The required output is the lines below from the line containing "прогноз избытка и" to the line containing "公告显示,2023 年 10", inclusive, retyped exactly. No other lines belong in it.

--- INPUT MATERIAL Enclosed Below ---

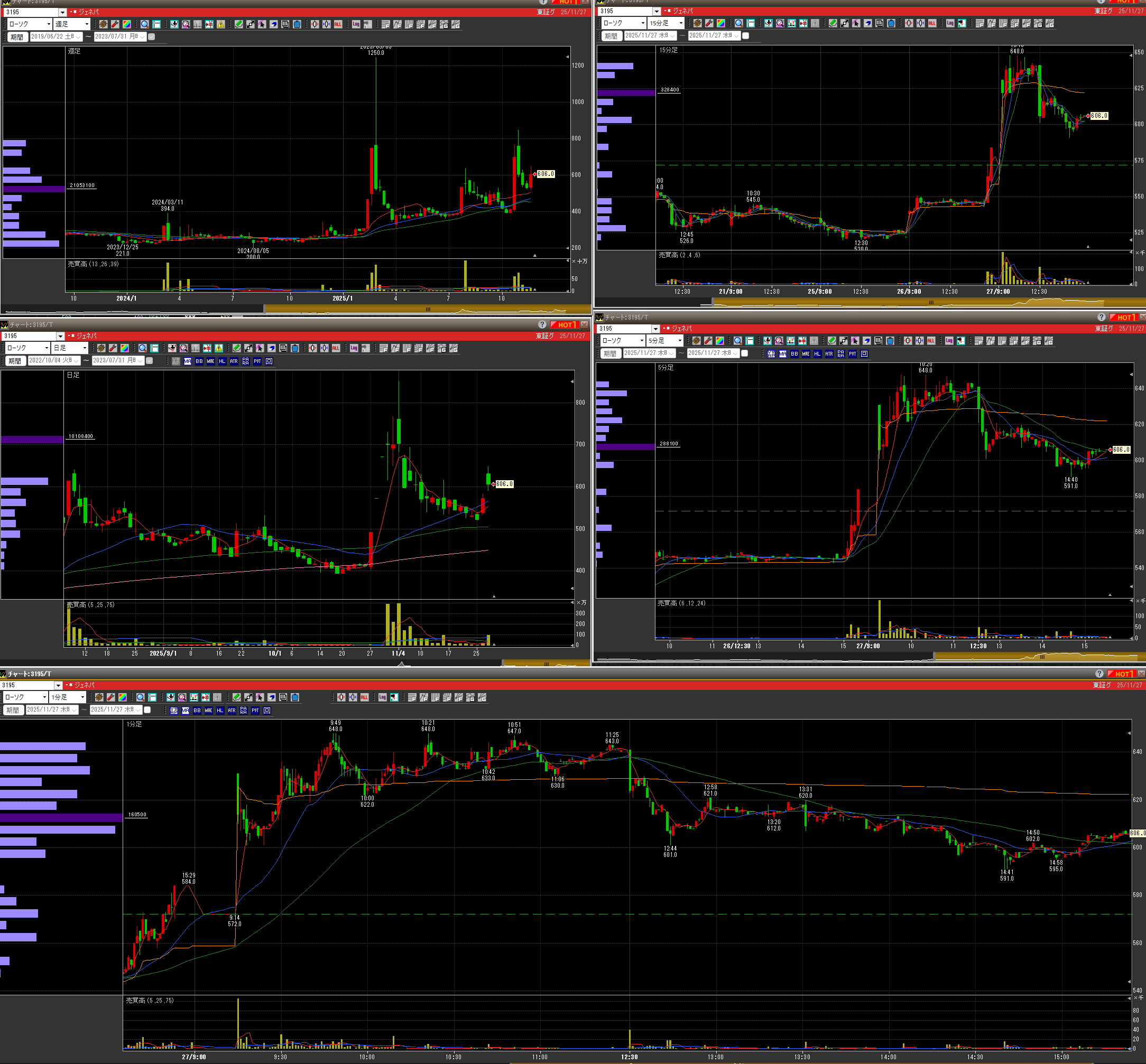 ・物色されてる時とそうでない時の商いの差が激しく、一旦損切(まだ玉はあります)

--- End of Enclosed INPUT MATERIAL ---
--- INPUT MATERIAL Enclosed Below ---

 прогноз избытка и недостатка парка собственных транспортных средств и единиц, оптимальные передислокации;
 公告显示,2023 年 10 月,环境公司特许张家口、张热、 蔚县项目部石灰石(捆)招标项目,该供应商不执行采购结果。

--- End of Enclosed INPUT MATERIAL ---
--- INPUT MATERIAL Enclosed Below ---

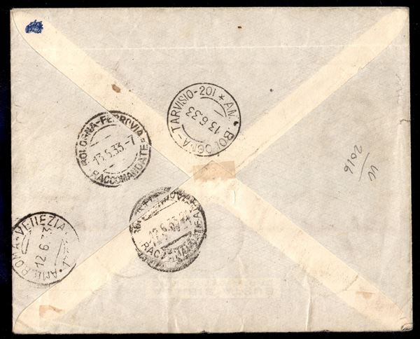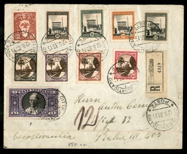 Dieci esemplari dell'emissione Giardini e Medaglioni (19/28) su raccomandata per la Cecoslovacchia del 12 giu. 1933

--- End of Enclosed INPUT MATERIAL ---

• **EXERCISE RESULT**
 прогноз избытка и недостатка парка собственных транспортных средств и единиц, оптимальные передислокации;
 公告显示,2023 年 10 月,环境公司特许张家口、张热、 蔚县项目部石灰石(捆)招标项目,该供应商不执行采购结果。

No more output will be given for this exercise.